And I’m not the only one who feels this way. First, on another Buckeye blog, “Around the Oval” there was this posting before they changed leadership: Why I don’t want a playoff in college:

(H)ow often can you say you’re sure the team that wins the NCAA tournament in men’s basketball was the best in the country that year? If they get hot at the right time and catch a few lucky breaks, a pretty mediocre team can make a run through the playoffs and win it all, while a team that crushed the competition throughout the year can fall victim to a bad call and be out in the first round. True, those are the extreme cases, but c’mon, we’re all college football fans here: I have argued extensively, with a complete disregard for logic, that Archie Griffin is the best athlete ever, simply because he won two Heismans. You think the Buckeyes losing a close game in the semi-finals is going to stop me from arguing that they’re the best team in the country? A playoff won’t settle these arguments. It’ll give the fans of the winners some pretty good evidence, but then the little crystal balls the BCS hands out are also pretty good evidence.

And who says crowning a national champion is something worth trying to do anyway? Can we really take one team from 119 and say, “Okay, we are absolutely certain this is the best team in the country”? It seems like an exercise in futility, designed to drive us all crazy. So why even try? Let’s go back to the old system. Every year, the Big Ten champ plays the Pac-10 champ in the Rose Bowl, the 2nd place Big Ten team plays in the Citrus Capital One Bowl, and so on. It won’t give us the best team in the country, but I have a sneaking suspicion that there’s no way we can conclusively determine that. So instead, we get the tradition back, and a system that at least makes college football less of a blatant cash-grab.

You would expect tOSU fans to feel this way; we’ve benefited pretty well from the current system. But I was surprised to read a UGa blogger (one of the best overall, by the way) say some similar things- as you remember, Georgia and U$C fans were among those who have had rightful issues with the BCS process (along with Boise State, Utah, Auburn, etc…).
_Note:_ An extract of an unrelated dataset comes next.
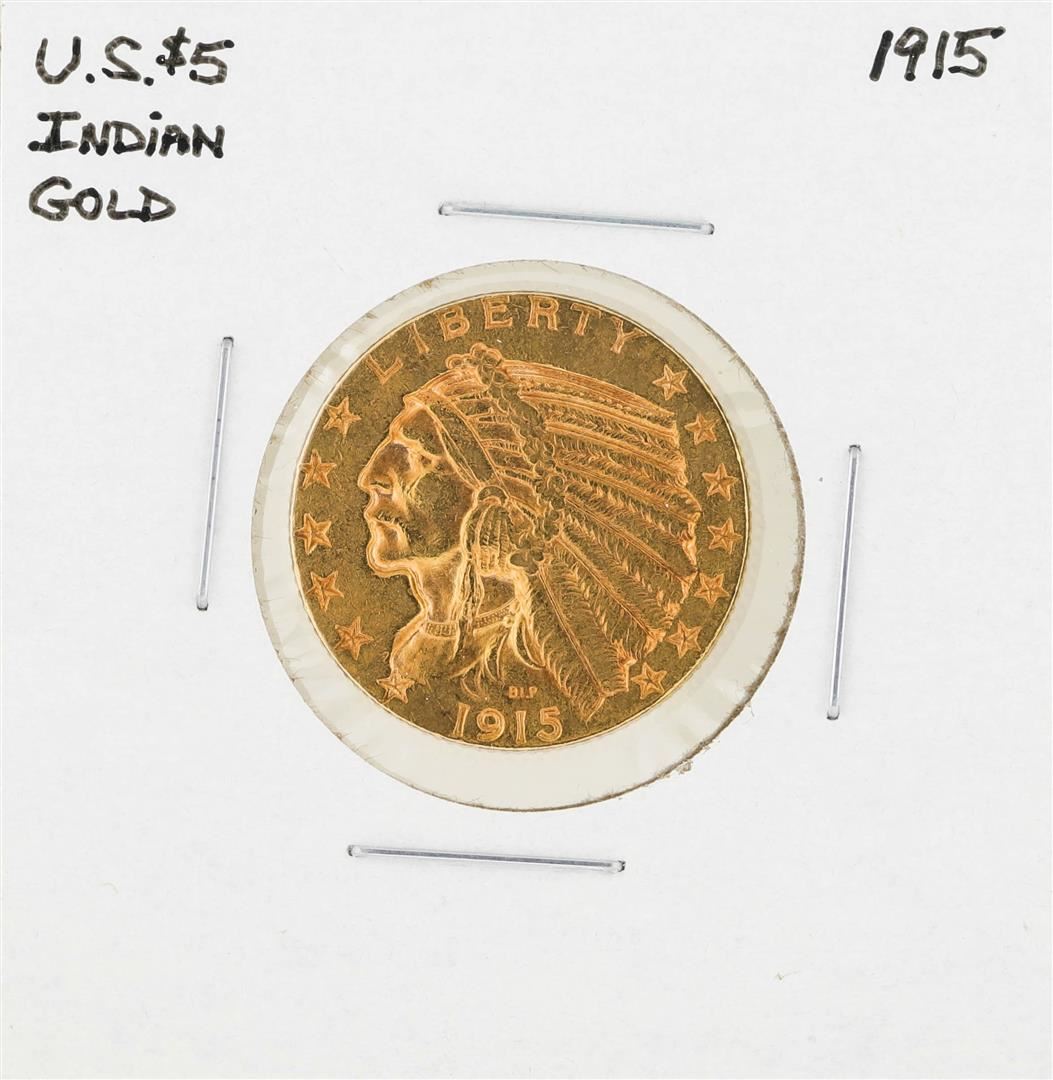 One 1915 $5 Indian Head Half Eagle Gold Coin.

But Doug writes:

An old-school, unstructured Wild-West bowl system might not be preferable to a playoff, but in practical terms it’s certainly no worse than letting math geeks have this much say in who gets to play for the title. Basically, after ten years of the BCS, I think I’ve come to the conclusion that a split title, while certainly not the ideal situation, wouldn’t exactly be the end of the world; it’s when we have to slog through the aggravation of an arcane jumble of decimal points, and still arrive at a split title anyway, that I really start to feel like the sanctity of my favorite sport is being arbitrarily and pointlessly messed with.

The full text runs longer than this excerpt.